> [What the task asks]:
The expected output is every line of the data exactly as shown, minus the images.

> [Material to process]:

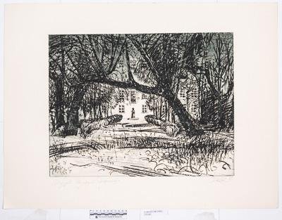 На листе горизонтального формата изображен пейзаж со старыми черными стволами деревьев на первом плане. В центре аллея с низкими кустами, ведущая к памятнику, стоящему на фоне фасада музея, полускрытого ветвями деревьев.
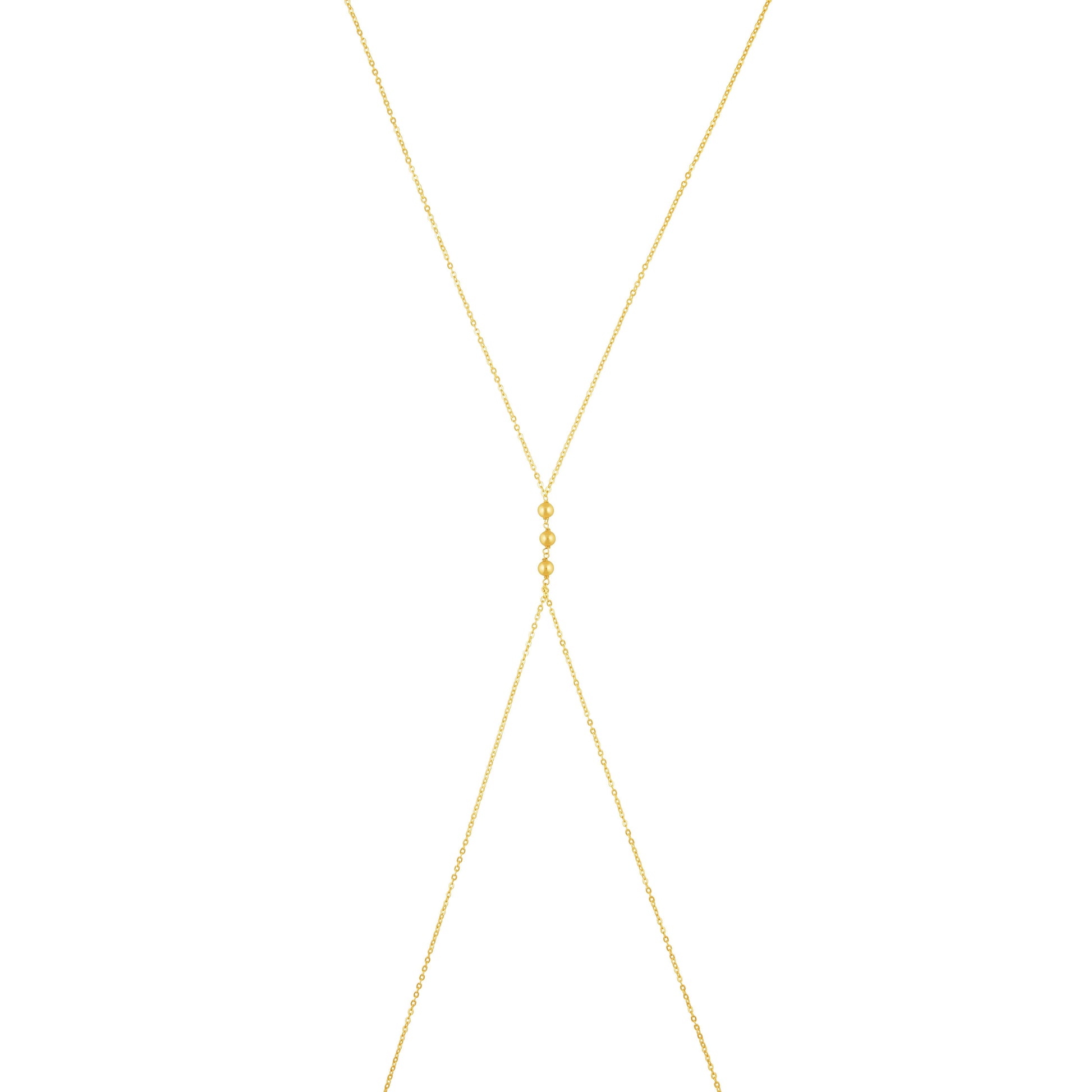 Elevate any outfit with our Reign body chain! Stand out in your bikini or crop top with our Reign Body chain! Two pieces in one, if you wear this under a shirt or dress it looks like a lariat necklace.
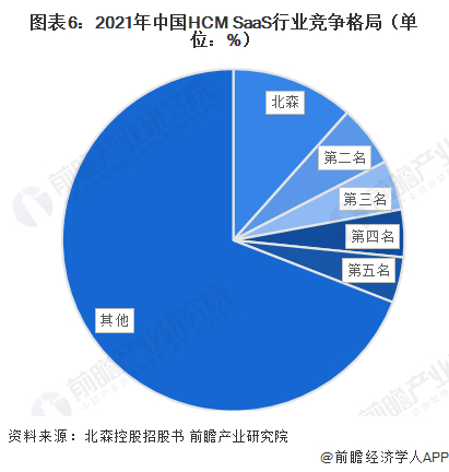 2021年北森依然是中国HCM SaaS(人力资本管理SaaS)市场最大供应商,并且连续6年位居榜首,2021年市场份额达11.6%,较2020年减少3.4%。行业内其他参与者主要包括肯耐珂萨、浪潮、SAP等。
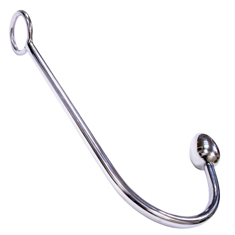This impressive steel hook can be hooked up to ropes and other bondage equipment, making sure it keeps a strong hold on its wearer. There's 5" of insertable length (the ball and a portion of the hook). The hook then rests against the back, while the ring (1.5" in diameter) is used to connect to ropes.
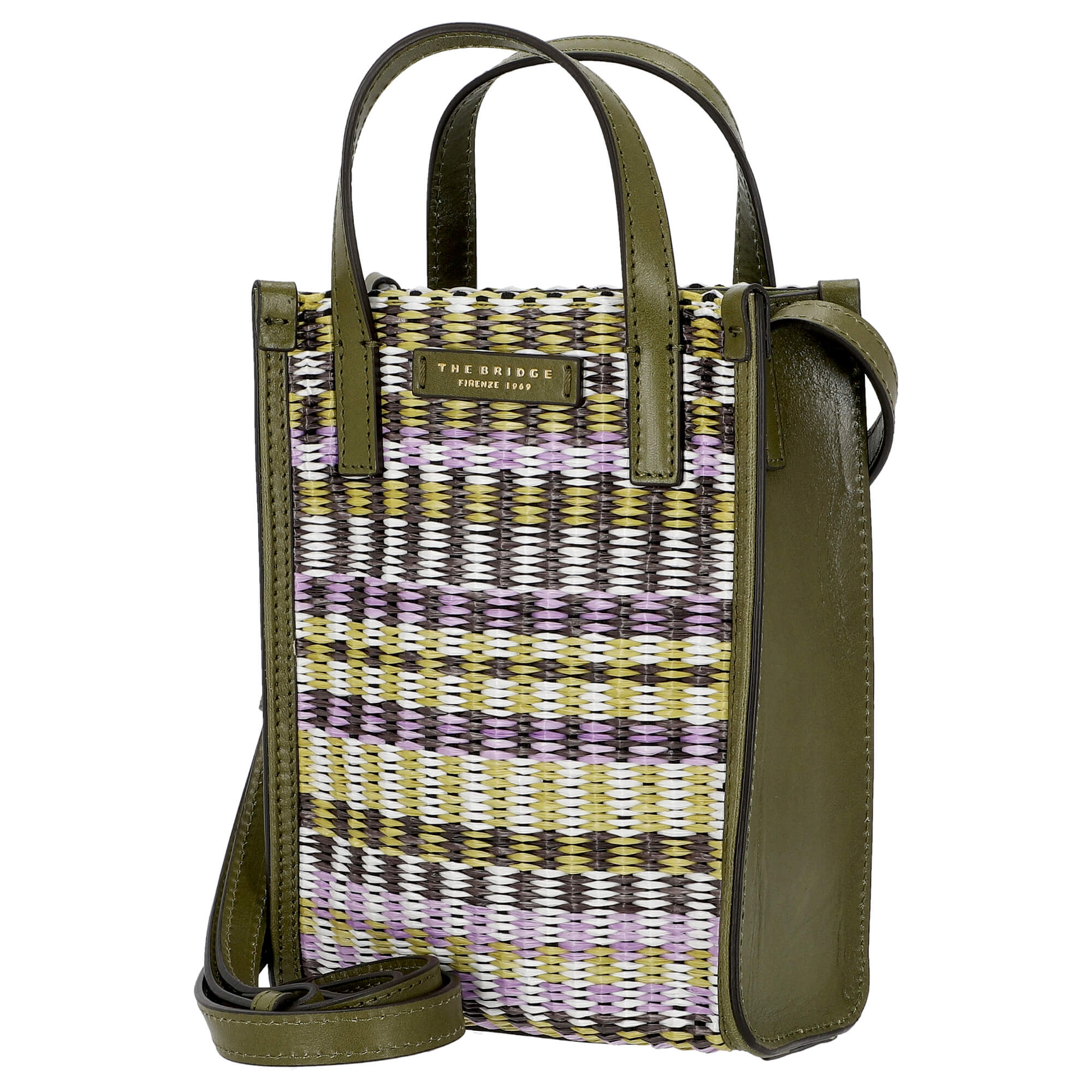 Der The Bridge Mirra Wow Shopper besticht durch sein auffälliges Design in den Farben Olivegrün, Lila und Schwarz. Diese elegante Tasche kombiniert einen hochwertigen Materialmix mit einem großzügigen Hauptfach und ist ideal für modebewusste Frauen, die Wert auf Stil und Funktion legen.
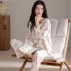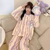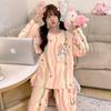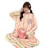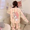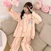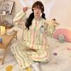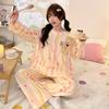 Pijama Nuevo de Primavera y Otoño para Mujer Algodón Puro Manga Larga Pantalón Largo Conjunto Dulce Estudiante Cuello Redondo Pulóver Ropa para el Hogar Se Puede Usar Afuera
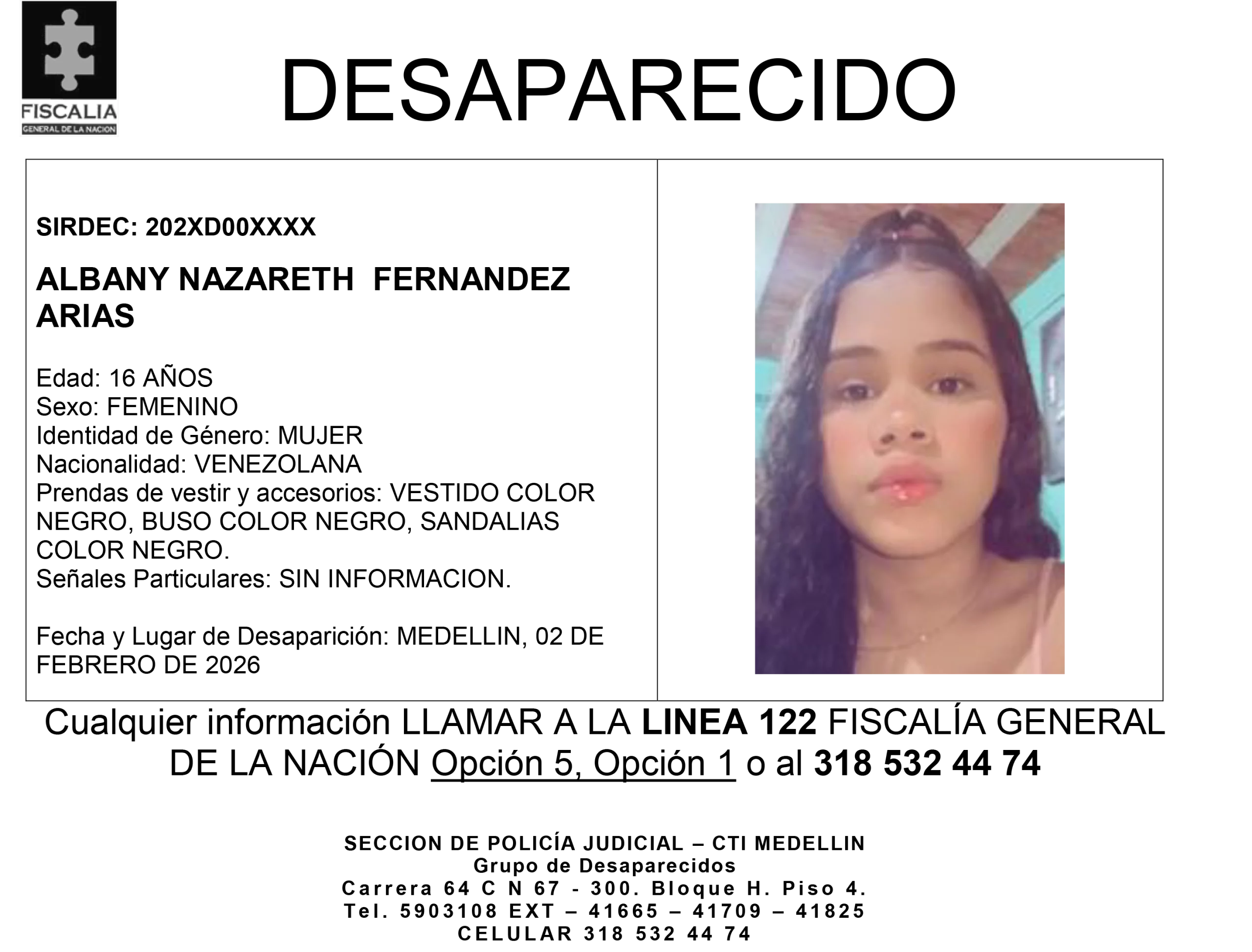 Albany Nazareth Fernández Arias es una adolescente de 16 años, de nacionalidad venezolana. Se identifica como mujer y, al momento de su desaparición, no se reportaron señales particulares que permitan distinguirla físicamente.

> [Finished task]:
 На листе горизонтального формата изображен пейзаж со старыми черными стволами деревьев на первом плане. В центре аллея с низкими кустами, ведущая к памятнику, стоящему на фоне фасада музея, полускрытого ветвями деревьев.
 Elevate any outfit with our Reign body chain! Stand out in your bikini or crop top with our Reign Body chain! Two pieces in one, if you wear this under a shirt or dress it looks like a lariat necklace.
 2021年北森依然是中国HCM SaaS(人力资本管理SaaS)市场最大供应商,并且连续6年位居榜首,2021年市场份额达11.6%,较2020年减少3.4%。行业内其他参与者主要包括肯耐珂萨、浪潮、SAP等。
This impressive steel hook can be hooked up to ropes and other bondage equipment, making sure it keeps a strong hold on its wearer. There's 5" of insertable length (the ball and a portion of the hook). The hook then rests against the back, while the ring (1.5" in diameter) is used to connect to ropes.
 Der The Bridge Mirra Wow Shopper besticht durch sein auffälliges Design in den Farben Olivegrün, Lila und Schwarz. Diese elegante Tasche kombiniert einen hochwertigen Materialmix mit einem großzügigen Hauptfach und ist ideal für modebewusste Frauen, die Wert auf Stil und Funktion legen.
 Pijama Nuevo de Primavera y Otoño para Mujer Algodón Puro Manga Larga Pantalón Largo Conjunto Dulce Estudiante Cuello Redondo Pulóver Ropa para el Hogar Se Puede Usar Afuera
 Albany Nazareth Fernández Arias es una adolescente de 16 años, de nacionalidad venezolana. Se identifica como mujer y, al momento de su desaparición, no se reportaron señales particulares que permitan distinguirla físicamente.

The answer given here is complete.